На площади Сесар Монтеро вращался на одном месте, наставляя дуло ружья на окружившую его толпу. Алькальд с трудом узнал его и тогда, левой рукой вытащив из кобуры револьвер, двинулся к центру площади. Люди расступались, давая ему дорогу. Из бильярдной выскочил полицейский с винтовкой и прицелился в Сесара Монтеро. Алькальд негромко крикнул ему:
– Не стреляй, сволочь!
Сунув револьвер в кобуру, он вырвал у полицейского винтовку и, готовый в любое мгновение открыть огонь, продолжал свой путь к середине площади. Люди прижимались к стенам.
– Сесар Монтеро, – крикнул алькальд, – отдай ружье!
Только обернувшись на голос, Сесар Монтеро увидел алькальда. Тот держал палец на спусковом крючке, но не стрелял.
– Сам возьми! – крикнул ему Сесар Монтеро.
На мгновение алькальд убрал с винтовки правую руку и вытер пот со лба. Он двигался, выверяя каждый шаг, палец по-прежнему лежал на спусковом крючке, взгляд был прикован к Сесару Монтеро. Внезапно остановившись, алькальд сказал дружелюбно:
– Оружие на землю, Сесар, хватит глупостей!
Сесар Монтеро попятился. Алькальд стоял, замерев, с пальцем на спусковом крючке, пока Сесар Монтеро не выпустил ружья из рук и оно не упало на землю.
Тут только алькальд заметил, что на нем пижамные штаны, что он мокрый от дождя и пота и что зуб не болит.
Стали открываться двери домов. Двое полицейских с винтовками побежали к середине площади, за ними устремилась толпа. На бегу они пугали людей дулами винтовок и кричали:
– Назад!
Алькальд, ни на кого не глядя, почти не повышая голоса, приказал:
– Разойдись!
Толпа рассеялась. Алькальд обыскал Сесара Монтере. В кармане рубашки он обнаружил четыре патрона, а в заднем кармане брюк – наваху с рукояткой из рога. В другом кармане нашел записную книжку, три ключа на кольце и четыре бумажки по сто песо. Сесар Монтеро развел руки в стороны и с невозмутимым видом позволял себя обыскивать – почти не двигаясь, чтобы облегчить алькальду эту процедуру. Закончив, алькальд подозвал обоих полицейских и передал им Сесара Монтеро вместе с изъятыми у него вещами.

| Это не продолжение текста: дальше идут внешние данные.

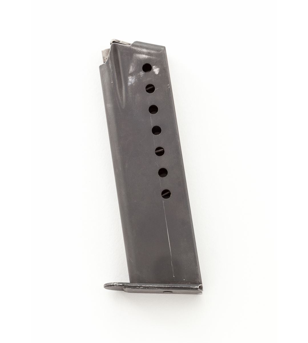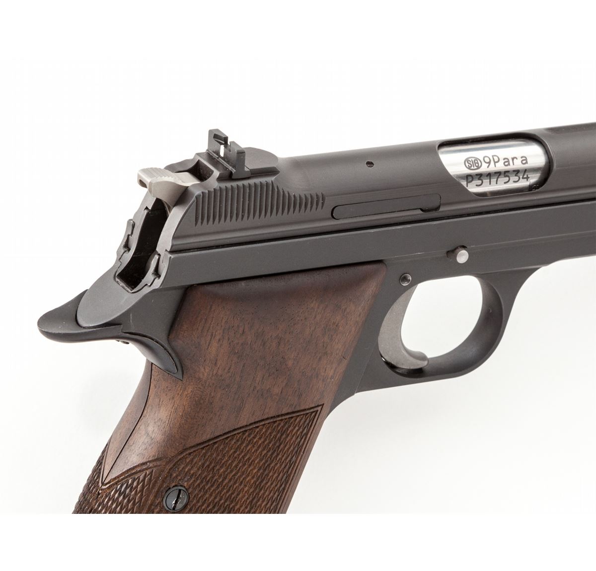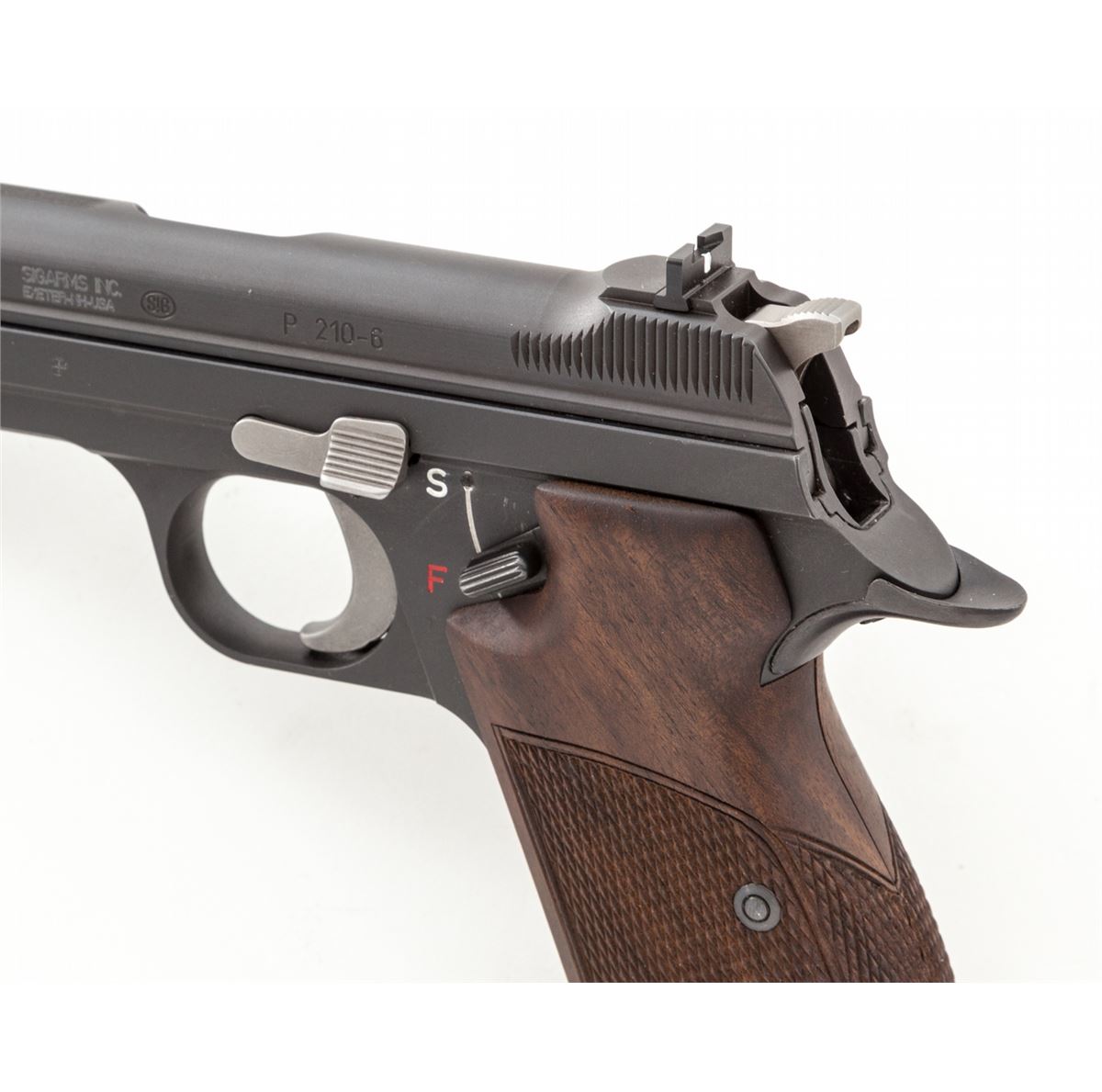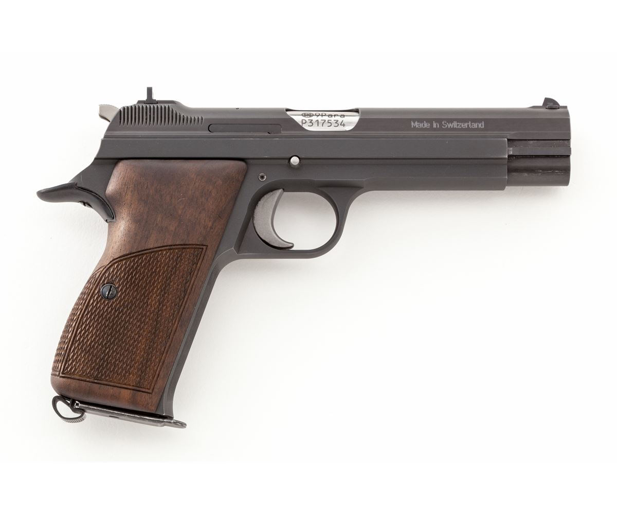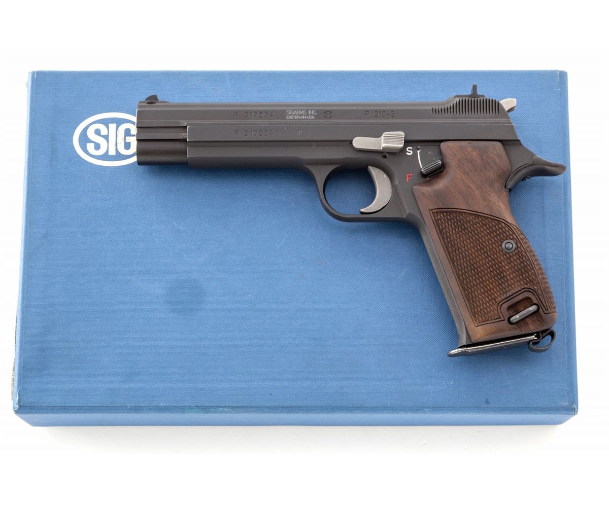 Sig P210-6 Semi-Automatic Pistol, #P317534, 9mm, 4-5/8'' barrel, matte blue finish, factory checkered walnut grips, in original box with one extra magazine, factory mag loader, instructions, text target, and Sig patch. Condition is excellent showing only light marks from handling, from standard index mark in safety area. Est.: $2,500-$3,500. (Modern) (Not available to Calif. residents.)
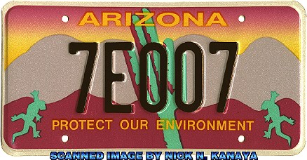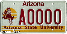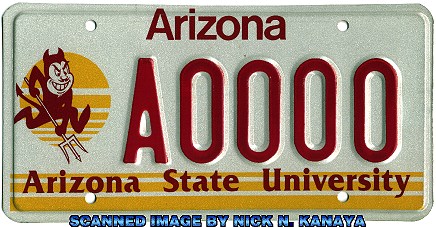 FIRST YEAR OF ISSUE: 1989 PLATE TYPE: COLLEGIATE ISSUE BASE MATERIAL: ALUMINUM REFLECTORIZATION: PARTIAL - BACKGROUND ONLY VALIDATION: 2 DECALS ON THE PLATE NOTES: ARIZONA STATE UNIVERSITY

– Ведите на второй этаж, – приказал он. – Вы за него отвечаете.
Сесар Монтеро снял с себя плащ, отдал его одному из полицейских и пошел между ними, не замечая ни дождя, ни волнения толпы. Алькальд проводил его задумчивым взглядом, а потом повернулся к толпе, махнул рукой, словно разгоняя домашних птиц, и прокричал:
– Разойдись!
Вытирая пот с лица, он протолкнулся между растерянными, бестолково мечущимися людьми, пересек площадь и вошел в дом Пастора.
Мать Пастора лежала, скорчившись, в кресле, окруженная женщинами, которые с истовым рвением обмахивали ее веерами. Алькальд потянул одну из них за рукав.
– Воздух ей не закрывайте, – сказал он.
Одна женщина обернулась:
– Она только собралась к мессе!..
– Прекрасно, – сказал алькальд, – но сейчас дайте ей дышать.
В галерее около голубятни, на ложе из окровавленных перьев, ничком лежал Пастор. Крепко пахло голубиным пометом. Несколько мужчин пытались поднять тело, когда в проеме двери показался алькальд.
– Разойдись! – крикнул он.
Мужчины опустили тело на перья, оставили его в том же положении, в каком нашли, и отступили в похоронном молчании. Алькальд окинул труп взглядом и перевернул. Посыпались крохотные перышки, на животе их налипло много, пропитанных теплой, еще живой кровью. Он счистил их руками. Пряжка ремня была раздроблена, рубашка разорвана. Приподняв рубашку, алькальд увидел внутренности. Кровь из раны уже не шла.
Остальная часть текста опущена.